In the entries below, find the line with "fujiwara no mokou, 1girl, solo, red" and the line with "洗面台は大工さんお手製の造作タイプ。"; copy them and every line between them exactly, but not the pictures.

*** Opening of Material for this task ***

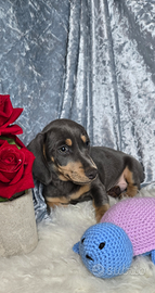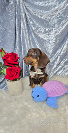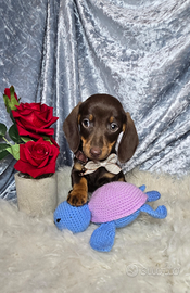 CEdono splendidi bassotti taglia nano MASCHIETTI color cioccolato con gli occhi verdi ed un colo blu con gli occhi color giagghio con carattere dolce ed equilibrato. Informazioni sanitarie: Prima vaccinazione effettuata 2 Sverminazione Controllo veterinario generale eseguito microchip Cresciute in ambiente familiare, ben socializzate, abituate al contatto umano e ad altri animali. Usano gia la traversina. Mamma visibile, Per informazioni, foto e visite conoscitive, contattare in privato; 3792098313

*** Close of Material for this task ***
*** Opening of Material for this task ***

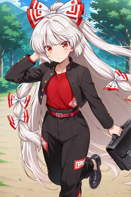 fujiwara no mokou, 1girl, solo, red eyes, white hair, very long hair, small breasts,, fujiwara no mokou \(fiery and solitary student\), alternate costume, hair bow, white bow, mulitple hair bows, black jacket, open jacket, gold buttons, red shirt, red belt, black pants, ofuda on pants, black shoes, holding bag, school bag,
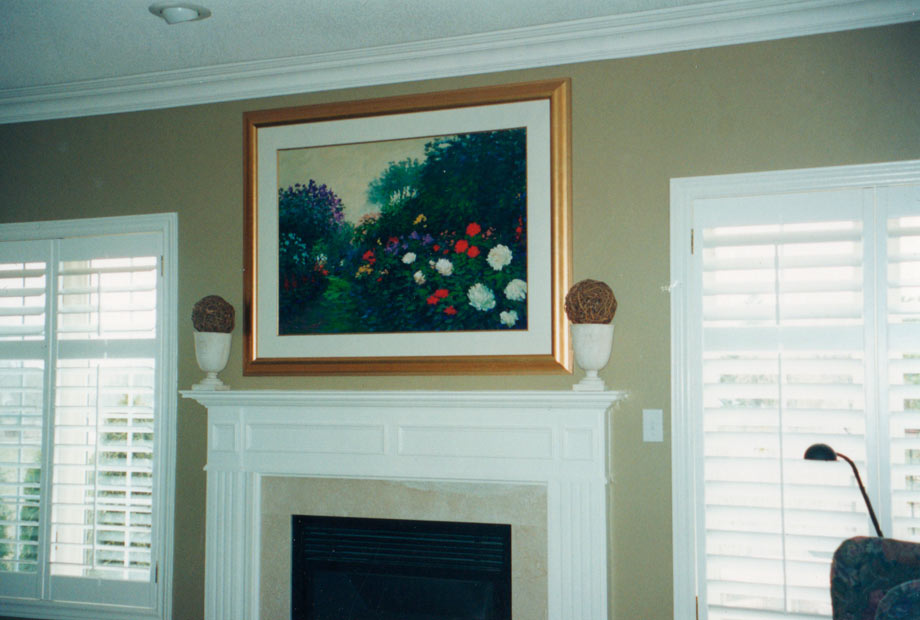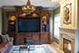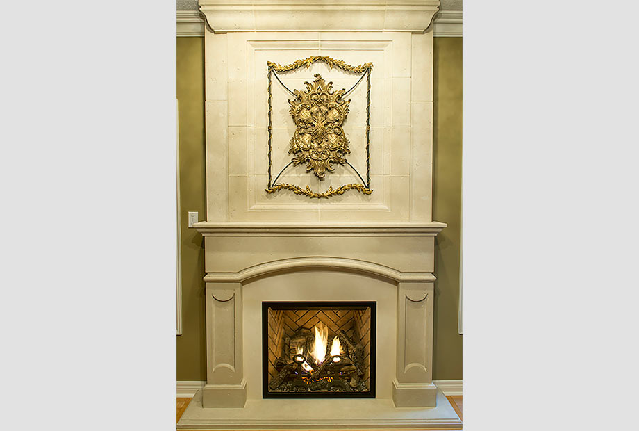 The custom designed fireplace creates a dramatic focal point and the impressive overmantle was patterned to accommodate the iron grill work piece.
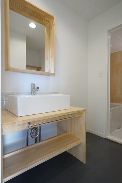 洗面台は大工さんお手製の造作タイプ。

*** Close of Material for this task ***

#### Answer section
 fujiwara no mokou, 1girl, solo, red eyes, white hair, very long hair, small breasts,, fujiwara no mokou \(fiery and solitary student\), alternate costume, hair bow, white bow, mulitple hair bows, black jacket, open jacket, gold buttons, red shirt, red belt, black pants, ofuda on pants, black shoes, holding bag, school bag,
 The custom designed fireplace creates a dramatic focal point and the impressive overmantle was patterned to accommodate the iron grill work piece.
 洗面台は大工さんお手製の造作タイプ。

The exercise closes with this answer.